Lluís Llongueras, figura emblemática de la peluquería en España y más allá, ha fallecido este lunes, 29 de mayo, a los 87 años. La causa de su muerte ha sido un cáncer de garganta con el que había estado luchando durante varios años. El afamado estilista murió en su hogar en Barcelona.

Llongueras nació en 1936 en Esparraguera, una pequeña localidad cerca de Barcelona. Desde una edad temprana, demostró una gran pasión por el arte de la peluquería. A los 14 años, se adentró en el mundo de la belleza y la estética, una industria a la que dedicaría toda su vida.

Se convirtió en una figura de gran renombre en la industria de la belleza, tanto en España como en el extranjero, y se le atribuyen numerosos estilos y técnicas innovadoras que ayudaron a revolucionar la peluquería moderna.

Sin embargo, Llongueras es quizás mejor conocido por la creación de su marca homónima de peluquerías ‘Llongueras’. Esta red de salones de belleza ha crecido hasta convertirse en una presencia destacada en la industria de la peluquería, con más de 50 salones en toda España y un total de 120 establecimientos en todo el mundo.

Llongueras se destacó no solo por su habilidad técnica como estilista, sino también por su visión para los negocios y la marca.
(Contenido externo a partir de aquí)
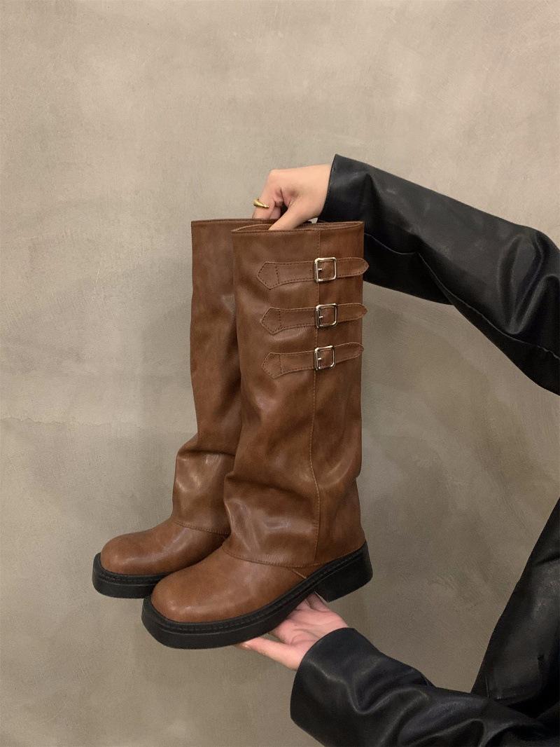 Коричневые Ретро Высокие Штаны Ботинки Рыцарские Ботинки Маленькие Длинные Ботинки Весна Лето Толстая Подошва Женские Ботинки Западные Ковбойские Ботинки 39 коричневый
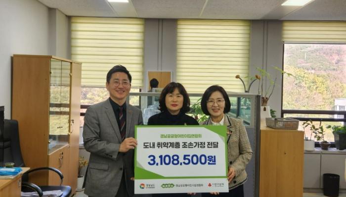 경남 공공형어린이집연합회, 조손가정에 따뜻한 나눔 - 아이들과 함께 모은 자선바자회 수익금 310만 원, 조손가정 아동 지원- 2017년부터 꾸준한 나눔 활동으로 지역사회에 선한 영향력 행사 경남도는 25일 경남공공형어린이집연합회(회장 위정숙)가 가정위탁 조손가정을 위해 성금 310만 8천500원을 기탁했다고 밝혔다. 이...
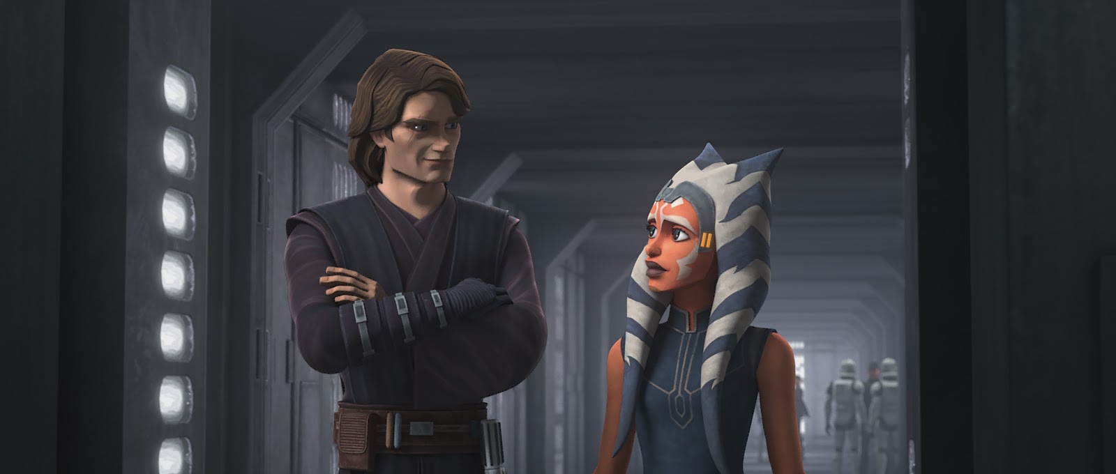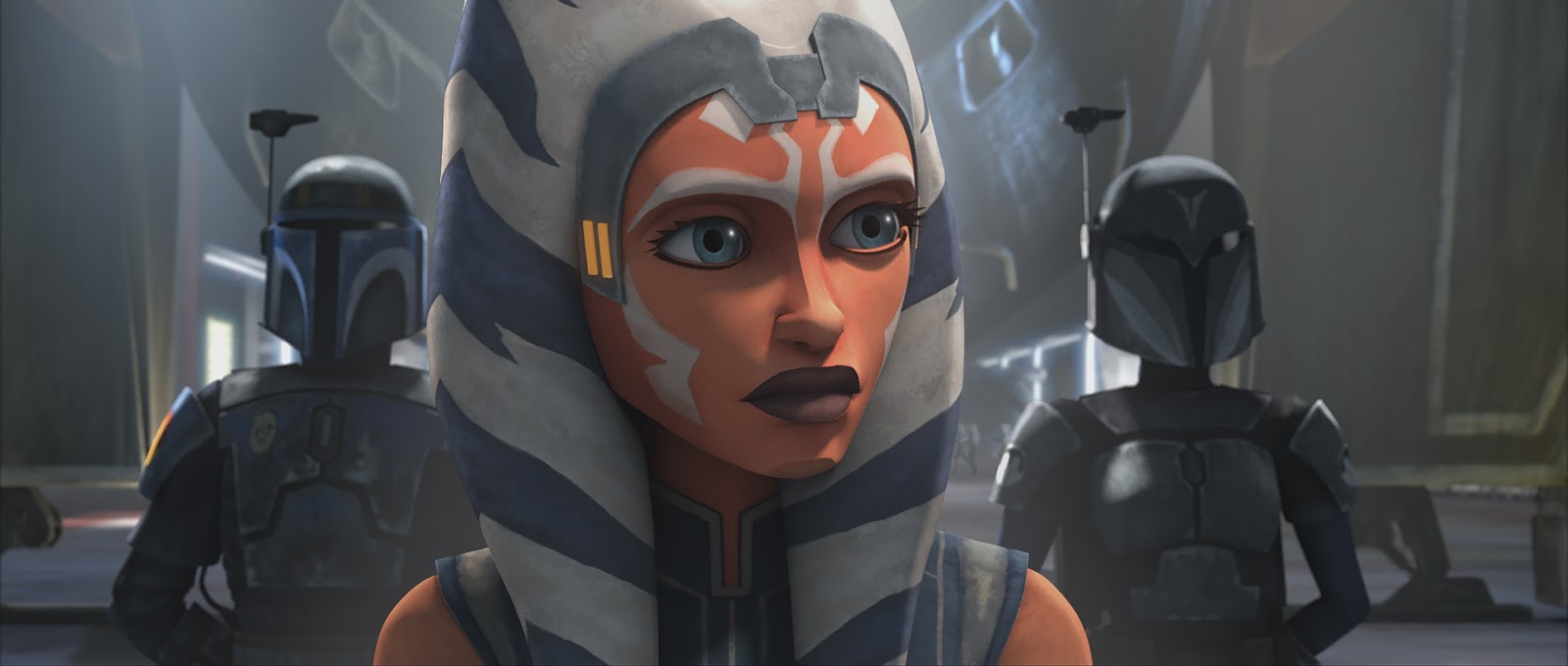 Admiral Yularen (Tom Kane) contacts Anakin and Obi-Wan, saying he’s received a transmission from an agent identifying themself as “Fulcrum.” Anakin thinks it must be Saw Gerrera calling from Onderon, but upon returning to the command ship the signal turns out to have come from his former Padawan learner Ahsoka Tano (Ashley Eckstein). It seems Ahsoka and her Mandalorian associate Bo-Katan Kryze (Katee Sackhoff) have located the rogue Sith Lord Darth Maul (Sam Witwer) and want the Jedi’s help in bringing him to justice. Skywalker is excited by this proposition, but Kenobi remains “cautiously optimistic.”
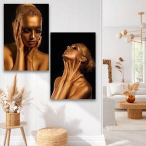 Conjunto De Quadros Dupla Mulheres Douradas Conjunto de Quadros Dupla Mulheres Douradas G (118 x 78) - Qualidade Premium (padrão museu)
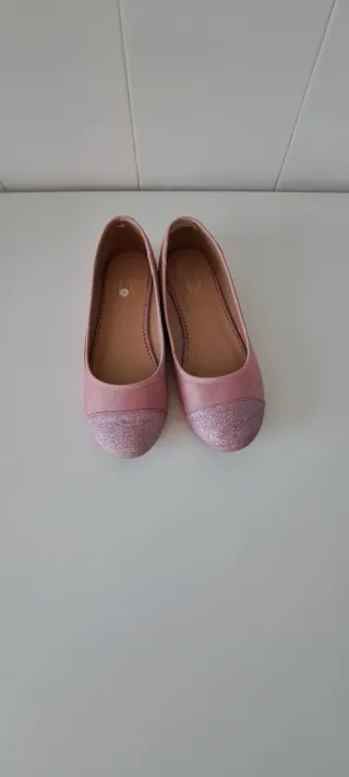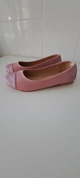 Elegantes bailarinas de piel en tono rosa, perfectas para añadir un toque de brillo a tu look. Tienen una pequeña mancha en un lateral, como se puede apreciar en la fotografía. - Detalle de glitter en la puntera y el parte trasera. - Material exterior de piel. - Diseño de bailarina clásico.
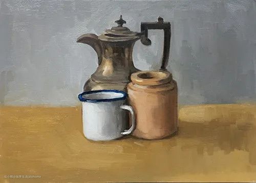 这两幅,第一张静物数量少,三个,于是搪瓷被口的深蓝色,还有铜壶的质地,包括桌面的黄色,都有意无意地在丰富着画面。第二张器型材质背景都没太多变化,但是加入了一个红色小物。
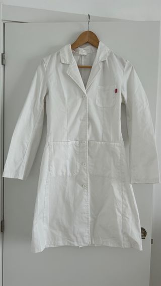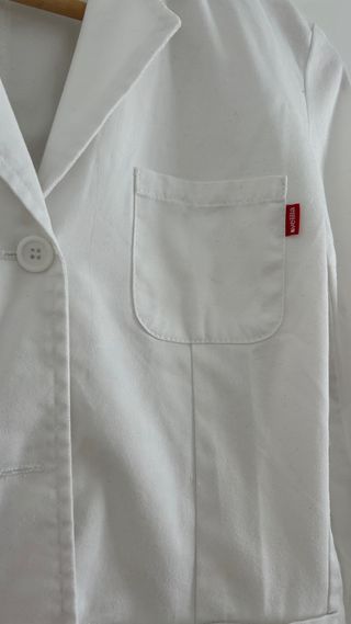Bata blanca de uniforme de trabajo, ideal para entornos profesionales. Entallada talla 36. - Cuello solapa. - Cierre de botones. - Dos bolsillos inferiores. - Un bolsillo superior.
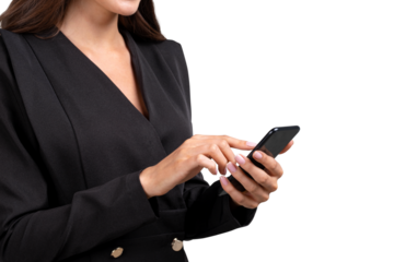 Closeup of woman using smartphone, isolated on white background with abstract speech bubbles and geometric elements, concept of communication
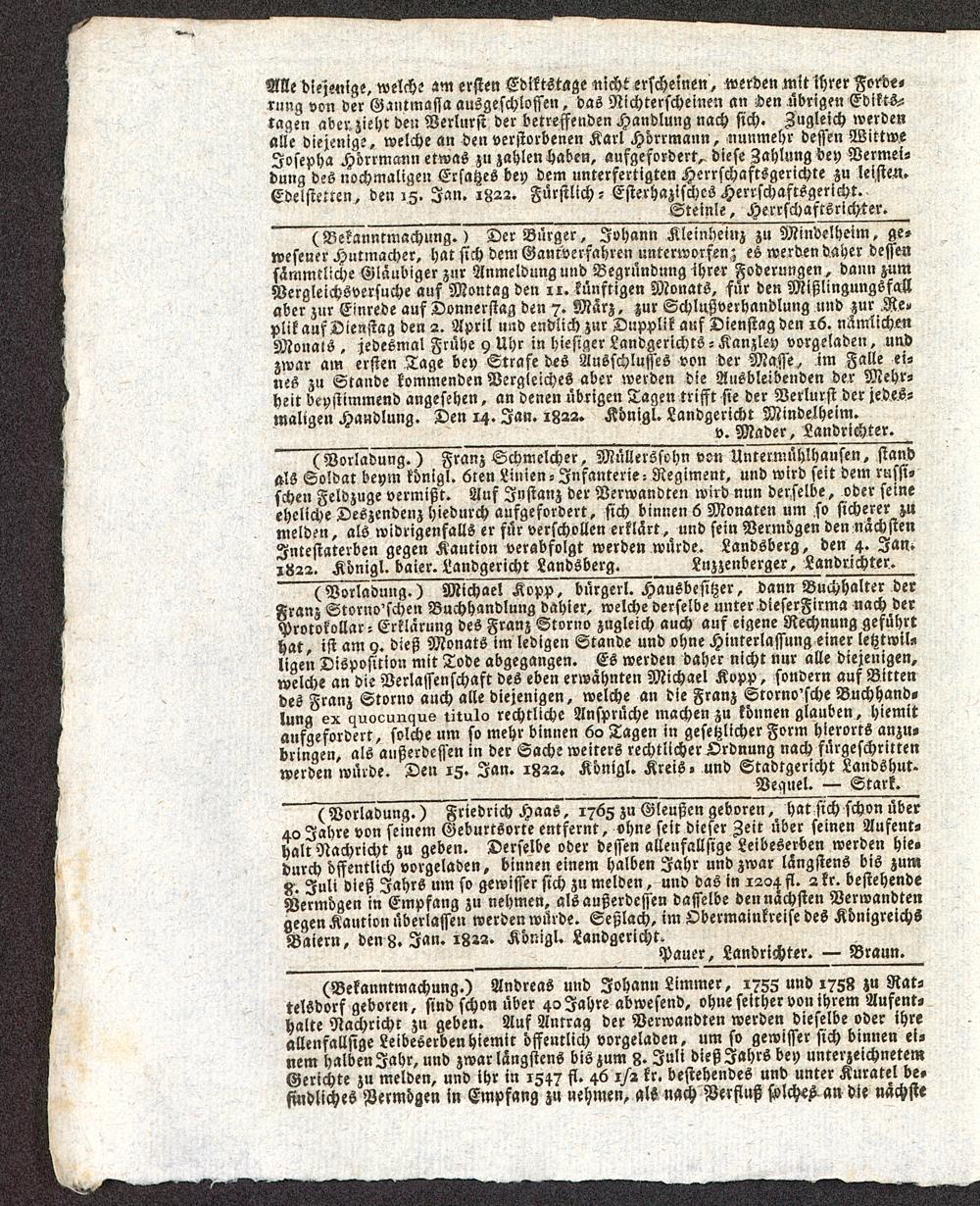 Augsburgische Ordinari Postzeitung. 1811-1822
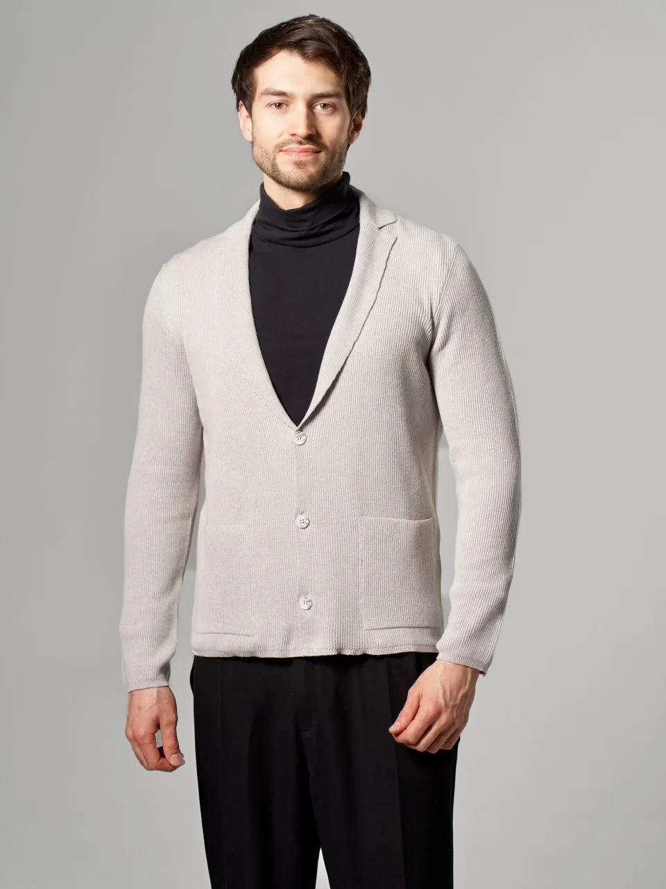 Этот пиджак сочетает в себе лаконичную классическую посадку и утончённый комфорт премиального состава — 90% хлопок и 10% кашемир. Хлопок обеспечивает прочность, воздухопроницаемость и лёгкость в носке, а добавление кашемира придаёт изделию бархатистую мягкость и уютное тепло при носке. Такая смесь делает пиджак универсальным элементом гардероба: он идеален для межсезонья, комфортно ощущается в офисной среде и смотрится стильно в сочетании с футболкой или тонким джемпером.

A lo largo de su carrera, construyó un imperio de belleza que ha perdurado en el tiempo y ha tenido un impacto significativo en el estilo y la estética del cabello en la sociedad moderna.

Su legado en la industria de la peluquería seguirá viviendo en los salones de ‘Llongueras’ en todo el mundo, así como en la inspiración y la influencia que ha tenido en las generaciones de estilistas que han seguido su camino.

Su muerte es un gran golpe para la industria de la belleza y se le recordará tanto por su talento como estilista como por su espíritu empresarial en la construcción de un imperio de belleza de renombre mundial.